# Is Cedar bedding OK?



## solidwoods (Dec 23, 2005)

Is it OK to use some Eastern Red Cedar shavings mixed in with pine/oak shavings for horse stall bedding?
jim


----------



## wr (Aug 10, 2003)

I don't use shavings for bedding but hopefully somebody can answer your question.


----------



## Lisa in WA (Oct 11, 2004)

We've used plenty of western red cedar. Don't know if it's significantly different than eastern cedar though.


----------



## Teej (Jan 14, 2012)

Yes, we use it all the time. Walnut & cherry are the only ones I know of that you need to stay away from.


----------



## AugustRED (Apr 18, 2010)

Cherry is bad? I get all my shavings from my brother's wood shop and know to stay away from Walnut but not Cherry. Loads always come as a variety pack of wood species so it's never solid Cherry but have definately used it - what issues can it cause? Cedar & pine are my favorites - awesome smell!


----------



## Irish Pixie (May 14, 2002)

Horses should never be exposed to cherry (especially wilted cherry) *leaves*, I've never heard of a problem with cherry for bedding. Black walnut can cause laminitis very very quickly with minimal exposure.


----------



## Lisa in WA (Oct 11, 2004)

Irish Pixie said:


> Horses should never be exposed to cherry (especially wilted cherry) *leaves*, I've never heard of a problem with cherry for bedding. Black walnut can cause laminitis very very quickly with minimal exposure.

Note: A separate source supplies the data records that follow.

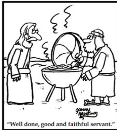
from JoyfulNoiseletter.com

The church will provide the hot dogs. Please bring a salad, dessert or casserole to share. REMEMBER to bring chairs and something to drink.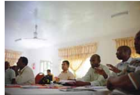
Concern staff participate in an ICRISAT organised workshop in Somaliland.

Bringing together people, organisations and institutions to pool knowledge, skills and resources, we link communities with national and international research and development institutions, providing them with technical support and knowledge.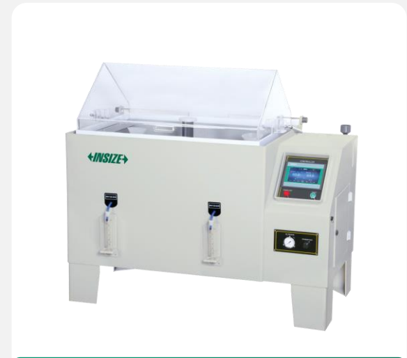
Salt Spray Test Chambers

I agree. I've "heard" you shouldn't use cherry shavings but have never been able to actually back it up with anything online. Hardwood shavings don't really make the best bedding anyway, they aren't as absorbent as pine, etc.

I have heard that the aromatic oils in cedar can possible irritate some horses but it's never bothered mine at all. Given the choice, I go with pine because with my luck I'd get a huge order of cedar and someone would develop a sensitivity.


----------



## Rogo (Jan 1, 2006)

I don't have any stalls/pens so I don't use bedding for the equine.

I use Bermuda hay for the poultry's nest boxes.


----------



## GrannyCarol (Mar 23, 2005)

We used to use cedar for our horses and it was fine. I would avoid cedar for dogs though, it's very irritating to their skin and can cause allergies.


----------



## Teej (Jan 14, 2012)

46. WILD BLACK CHERRY

While black cherry may not cause laminitis from being bedded with it, the leaves & BARK contain cyanide. Better safe than sorry in case a horse wanted to munch on some of it's shavings.


----------



## countryfied2011 (Jul 5, 2011)

I have used the cedar shavings from TSC, don't know what kind they are, but havent had any problems mixed with pine. My stallion keeps his stall pretty nasty(although he has a 50x40 corral, he thinks he should use the bathroom in his stall.) With almost 10 gallons of water a day that he consumes, it stays pretty wet and smelly so the cedar helps


----------



## Irish Pixie (May 14, 2002)

Teej said:


> 46. WILD BLACK CHERRY
> 
> While black cherry may not cause laminitis from being bedded with it, the leaves & BARK contain cyanide. Better safe than sorry in case a horse wanted to munch on some of it's shavings.


The highest concentrations of cyanide is in the leaves, it is at it's most dangerous when the leaves are wilted. If enough of the bark was eaten there could be serious problems as well but bedding is dried, either air or kiln, and the limited amount of cyanide in the wood would dissipate. Could it be a problem? Maybe, _if_ a horse had nothing to eat but cherry wood shavings but that would cause serious problems that would have nothing to do with cyanide.

I wouldn't worry about some cherry mixed in with other shavings.


----------